A faithful transcription of all the data, images excluded, is the required answer.

Items from a data source:
────────

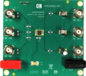 The NCS2553 Evaluation Board has been designed to help for a quick evaluation of the NCS2553, 3 channel video drivers with 3 Standard Definition filters. Among its main characteristics, this evaluation board has been constructed to easily interface with a customer's systems and equipment through BNC connectors.
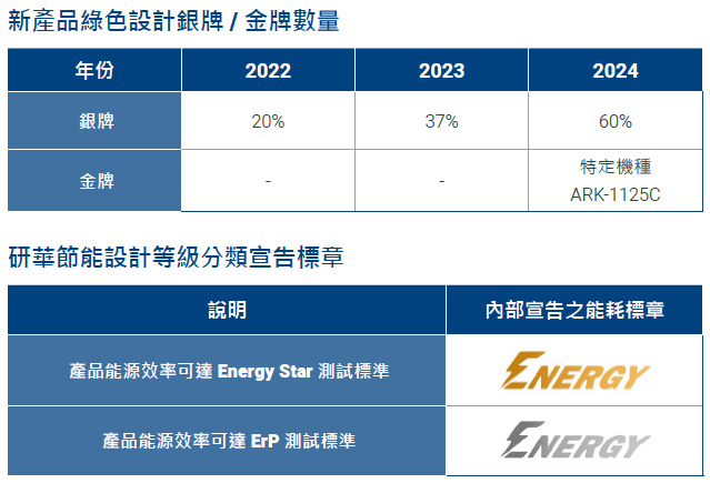 - 針對特定產品線導入 Energy Star 節能設計要求,取得內部節能金牌標章
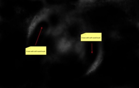 Шаг 1. Создайте новый документ размером 1400x900 пикселей, с черным фоном. Создайте новый слой и, используя кисть Fire Explosion Brush, небольшую туманность, как показано ниже:
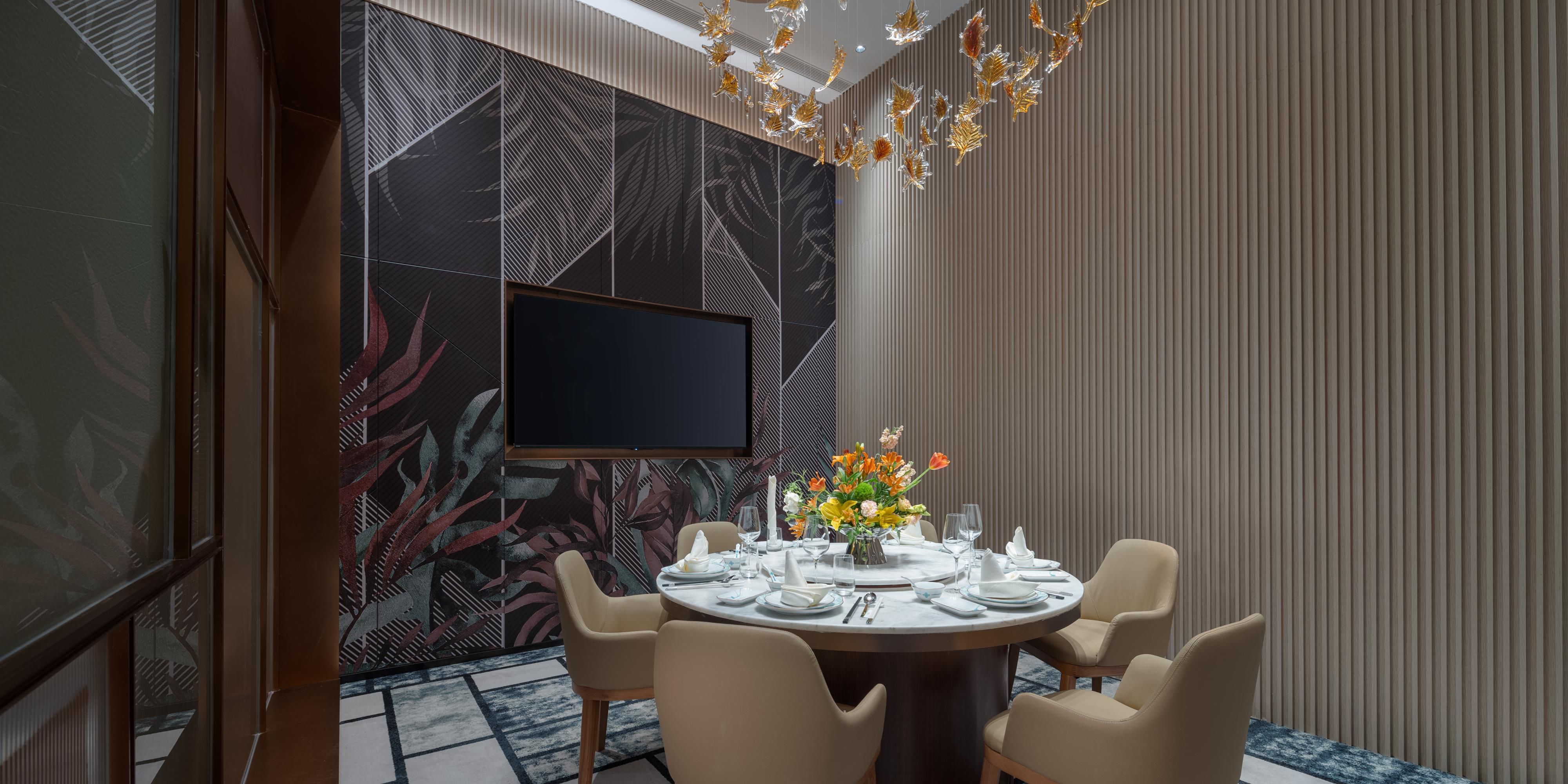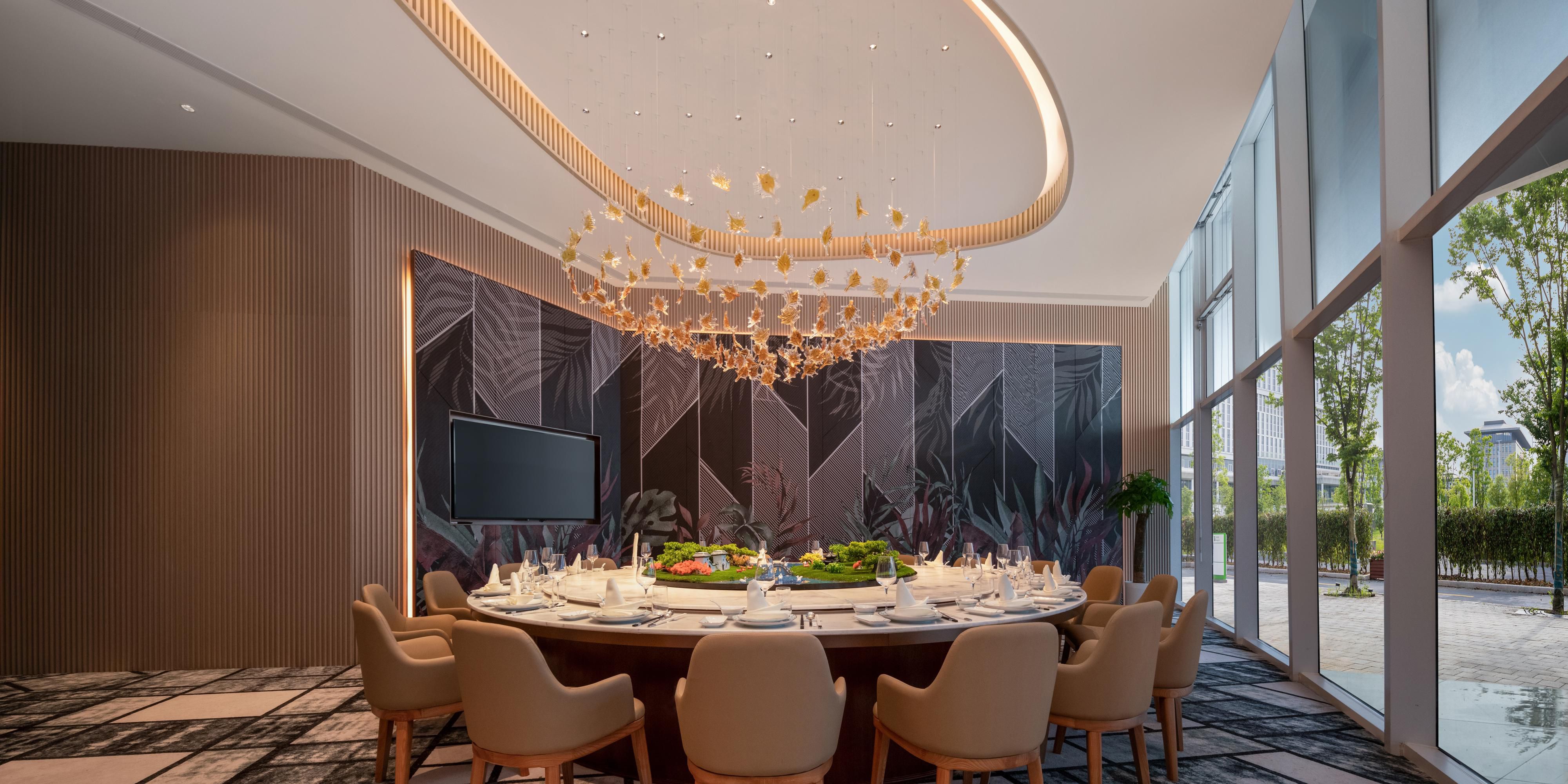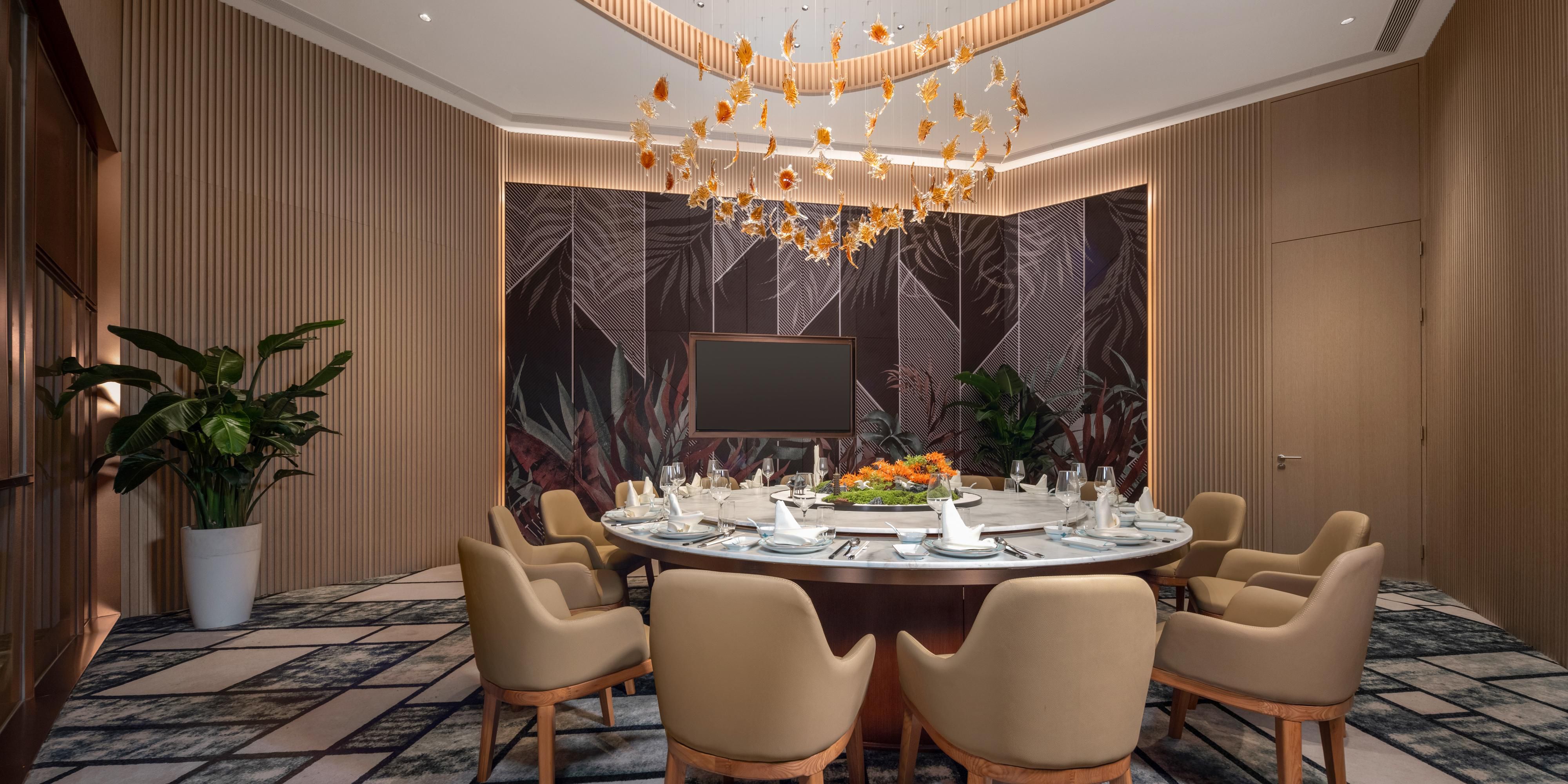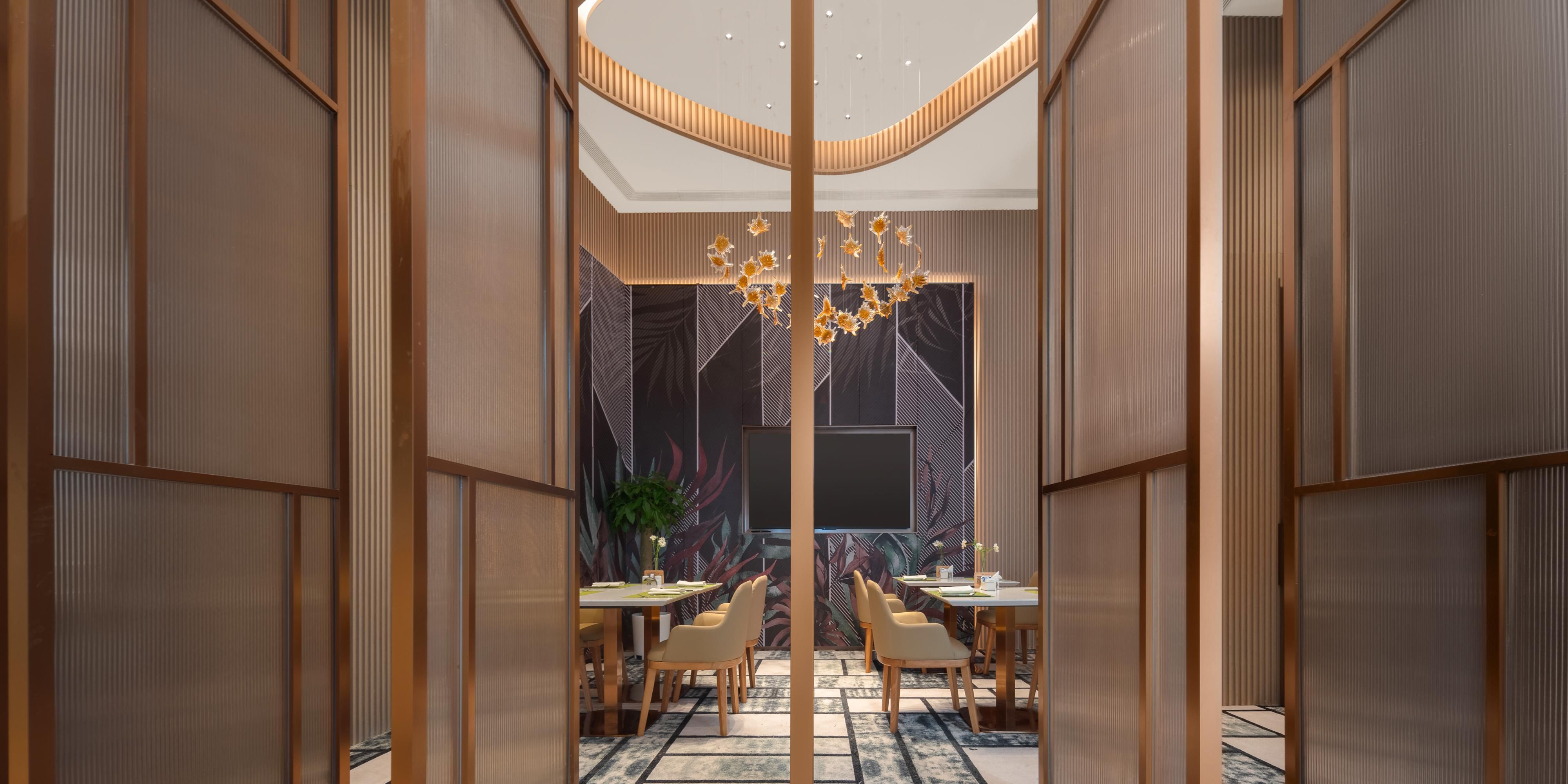 中餐厅设有3个包厢,分别是香柳、蕙兰、繁缕,共50个 餐位。餐厅以丰富色彩和低调、内敛的餐厅设计风格彰显 了现代都市感,同时洋溢着对中国传统的温暖怀旧之情。 酒店除了以注重本味、富于变化的杭帮菜、粤菜为主打, 同样也精心制作正宗的衢州本地及周边特色菜系,充分满 足宾客对于高水准商务宴请的需求。
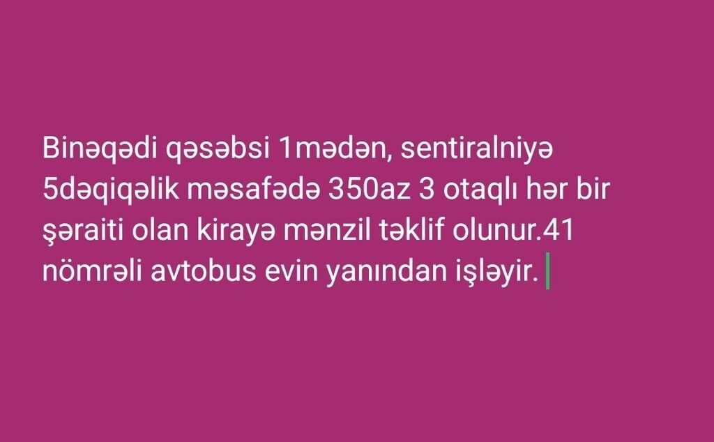 Binəqədi qəsəbəsi, 1 mədən. Sentrala 5 dəqiqəlik məsafədə yerləşən, 3 otaqlı, hər bir şəraiti olan kirayə mənzil təklif olunur. 41 nömrəli avtobus evin yanından keçir. Qiymət: 350 AZN.
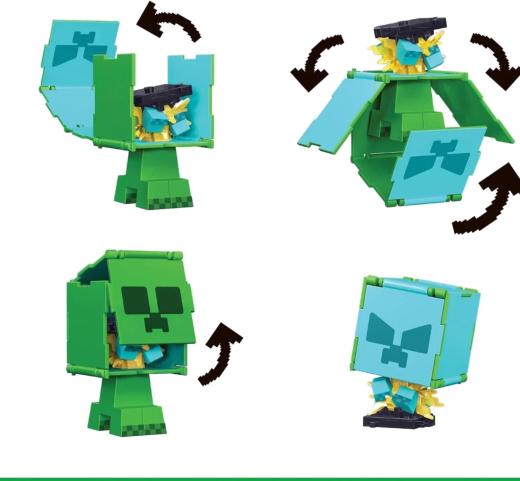 Bu 9 cm'lik dönüşen figürler, kolayca çevrilebiliyor ve bir figürden diğerine dönüşebiliyor. Her figürün büyük kafasındaki panelleri çevirip yerlerine sabitleyerek saniyeler içinde farklı bir Minecraft figürü ortaya çıkarın ve 2'si 1 arada oyun keyfini hiç bıkmadan sürdürün. Üstelik karakter eşleşmeleri koleksiyon oluşturmayı hem çocuklar hem de yetişkinler için eğlenceli hale getirir.

────────

RESPONSE BOX:
 The NCS2553 Evaluation Board has been designed to help for a quick evaluation of the NCS2553, 3 channel video drivers with 3 Standard Definition filters. Among its main characteristics, this evaluation board has been constructed to easily interface with a customer's systems and equipment through BNC connectors.
 - 針對特定產品線導入 Energy Star 節能設計要求,取得內部節能金牌標章
 Шаг 1. Создайте новый документ размером 1400x900 пикселей, с черным фоном. Создайте новый слой и, используя кисть Fire Explosion Brush, небольшую туманность, как показано ниже:
 中餐厅设有3个包厢,分别是香柳、蕙兰、繁缕,共50个 餐位。餐厅以丰富色彩和低调、内敛的餐厅设计风格彰显 了现代都市感,同时洋溢着对中国传统的温暖怀旧之情。 酒店除了以注重本味、富于变化的杭帮菜、粤菜为主打, 同样也精心制作正宗的衢州本地及周边特色菜系,充分满 足宾客对于高水准商务宴请的需求。
 Binəqədi qəsəbəsi, 1 mədən. Sentrala 5 dəqiqəlik məsafədə yerləşən, 3 otaqlı, hər bir şəraiti olan kirayə mənzil təklif olunur. 41 nömrəli avtobus evin yanından keçir. Qiymət: 350 AZN.
 Bu 9 cm'lik dönüşen figürler, kolayca çevrilebiliyor ve bir figürden diğerine dönüşebiliyor. Her figürün büyük kafasındaki panelleri çevirip yerlerine sabitleyerek saniyeler içinde farklı bir Minecraft figürü ortaya çıkarın ve 2'si 1 arada oyun keyfini hiç bıkmadan sürdürün. Üstelik karakter eşleşmeleri koleksiyon oluşturmayı hem çocuklar hem de yetişkinler için eğlenceli hale getirir.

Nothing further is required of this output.